Exercise
Copy word for word the lines of the records below, beginning at the one with "Ինչպես են ադրբեջանցիները" and finishing at the one with "Frenchkiss Wood diseñada", ends included, but none of the pictures.

Source information
● ● ● ●

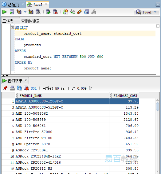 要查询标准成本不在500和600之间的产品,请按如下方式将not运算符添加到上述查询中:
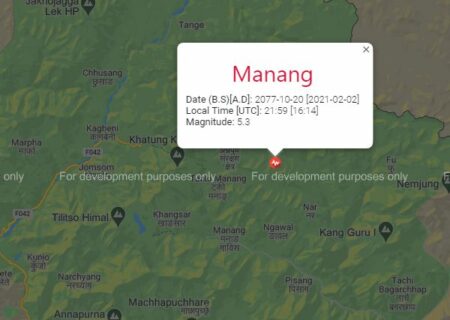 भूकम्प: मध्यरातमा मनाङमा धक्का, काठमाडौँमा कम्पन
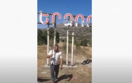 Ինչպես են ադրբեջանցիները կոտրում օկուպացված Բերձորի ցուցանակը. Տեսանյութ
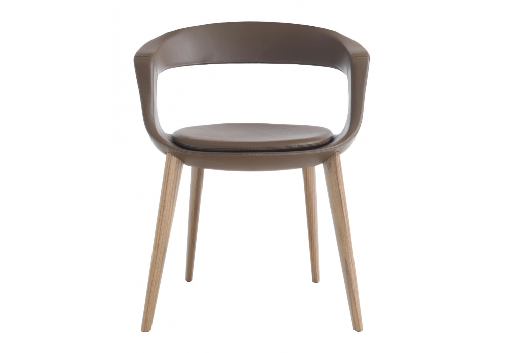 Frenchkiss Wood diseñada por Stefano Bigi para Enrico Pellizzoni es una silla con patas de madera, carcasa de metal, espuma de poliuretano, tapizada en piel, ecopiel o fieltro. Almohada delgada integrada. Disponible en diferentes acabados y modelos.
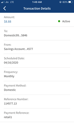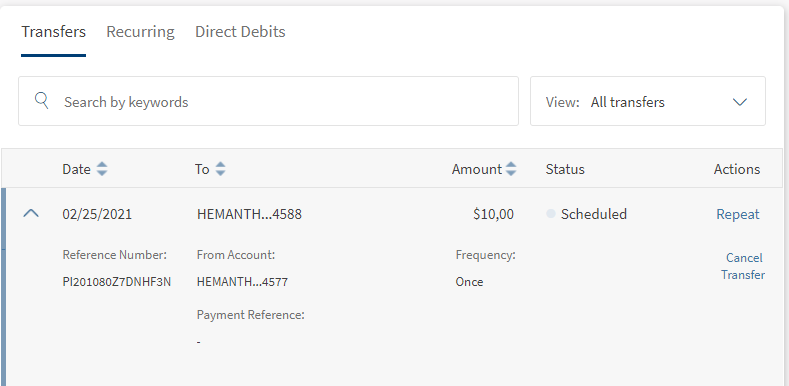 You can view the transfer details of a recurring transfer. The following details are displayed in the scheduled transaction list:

● ● ● ●

Written solution
 Ինչպես են ադրբեջանցիները կոտրում օկուպացված Բերձորի ցուցանակը. Տեսանյութ
 Frenchkiss Wood diseñada por Stefano Bigi para Enrico Pellizzoni es una silla con patas de madera, carcasa de metal, espuma de poliuretano, tapizada en piel, ecopiel o fieltro. Almohada delgada integrada. Disponible en diferentes acabados y modelos.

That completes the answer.